Les prix en sont excessivement variables. Ils dépendent sur tout du plus ou moins grand éloignement des centres de production et de la plus ou moins grande abondance des arrivages. Dans certains villages du Bambouck, nous les avons vu vendre dix centimes l’un ; à Bakel, à Kayes et à Médine, ils sont un peu moins chers, et à Bammako, il nous est arrivé de les payer en moyenne quinze à vingt centimes la pièce. Il faut dire aussi que, là, ils sont beaucoup plus volumineux que dans les régions situées plus à l’Ouest. En général, le kola blanc est bien plus estimé que le kola rouge. Aussi se vend-il un peu plus cher partout ; mais, en général, les deux espèces sont mélangées à peu près en parties égales dans les achats.

Nous ne saurions évaluer en argent l’importance de ce commerce, mais nous pouvons affirmer qu’il est très considérable et doit donner lieu à un chiffre important d’affaires.

_Rôle que joue le kola dans la vie des indigènes au Soudan._ — Le kola joue un rôle important au Soudan français dans la vie des indigènes. Il suffit, pour s’en convaincre, de lire les relations de voyages faits dans ce pays par les différents explorateurs qui l’ont visité. Il a fallu que les indigènes lui trouvent des propriétés bien salutaires pour qu’ils l’aient en si haute estime. Dans presque toutes les circonstances de leur vie sociale on les voit utiliser cette graine. Ainsi, chez les Bambaras et les Malinkés, s’agit-il d’un serment, c’est sur le kola qu’ils jurent. Voici comment on procède à cette cérémonie. Une contestation s’élève-t-elle entre deux noirs, un homme en accuse-t-il un autre, les anciens et les notables devant lesquels est portée l’affaire font comparaître l’accusé. S’il nie ce qu’on lui reproche, on lui fait prêter serment sur le kola. Pour cela, le forgeron principal (il ne faut pas oublier que les forgerons sont les prêtres dans les pays Malinkés, Mandingues et Bambaras), prend un kola bien sain. Il fait placer devant lui celui qui va jurer. Il allume alors un petit feu de paille et y passe le kola, sans doute pour le purifier, puis le prenant de la main gauche, il le pique en maints endroits avec la pointe de son couteau en prononçant la formule du serment. Ces piqûres sont faites pour bien montrer que le kola est sain.

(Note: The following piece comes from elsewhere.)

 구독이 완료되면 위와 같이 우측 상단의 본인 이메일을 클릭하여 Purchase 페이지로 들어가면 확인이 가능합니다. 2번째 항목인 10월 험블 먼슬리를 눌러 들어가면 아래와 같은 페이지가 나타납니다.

Voici la formule la plus ordinaire de ce serment : « Je jure que je n’ai pas fait ce dont on m’accuse ; si je mens, je veux que ce kola que je vais manger m’empoisonne dans tant de jours ». Cette formule est répétée mot par mot par l’accusé au fur et à mesure que le forgeron la prononce. Ceci fait, le kola est immédiatement mangé en entier et celui qui vient de jurer est tenu de boire une calebasse d’eau pour bien prouver qu’il ne triche pas. Ce serment est le plus terrible qu’un Malinké ou un Bambara puisse prononcer, et il est bien rare qu’il accepte de se soumettre à cette épreuve s’il se sent coupable. Sans doute, il pourrait aussi bien jurer sur le couscouss, le poulet, la viande ; mais aux yeux de tous, les serments ainsi prononcés ne valent pas ceux qui sont prêtés sur le kola.

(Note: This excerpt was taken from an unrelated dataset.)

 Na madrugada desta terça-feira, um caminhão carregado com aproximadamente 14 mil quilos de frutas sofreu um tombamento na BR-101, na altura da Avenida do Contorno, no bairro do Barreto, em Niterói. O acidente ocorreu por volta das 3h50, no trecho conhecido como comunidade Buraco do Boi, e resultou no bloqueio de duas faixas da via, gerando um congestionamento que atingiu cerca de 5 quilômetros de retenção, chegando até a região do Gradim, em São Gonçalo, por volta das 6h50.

Autre fait : Il me souvient avoir lu quelque part, et dans je ne sais trop quel récit de voyage, que lorsqu’un Malinké ou un Bambara voulait demander une jeune fille en mariage, il envoyait au père huit kolas blancs. Si celui-là acquiesçait à la demande, il renvoyait au prétendant deux kolas blancs ; dans le cas contraire, il lui faisait parvenir un kola rouge.

Dans les offrandes que les Bambaras et les Malinkés font à leur divinité, ce sont toujours les kolas qui sont en plus grand nombre. Je n’ai pas besoin de dire que, seuls, les forgerons en profitent. De même, ils déposent des kolas sur la sépulture de leurs parents et de leurs amis les plus chers.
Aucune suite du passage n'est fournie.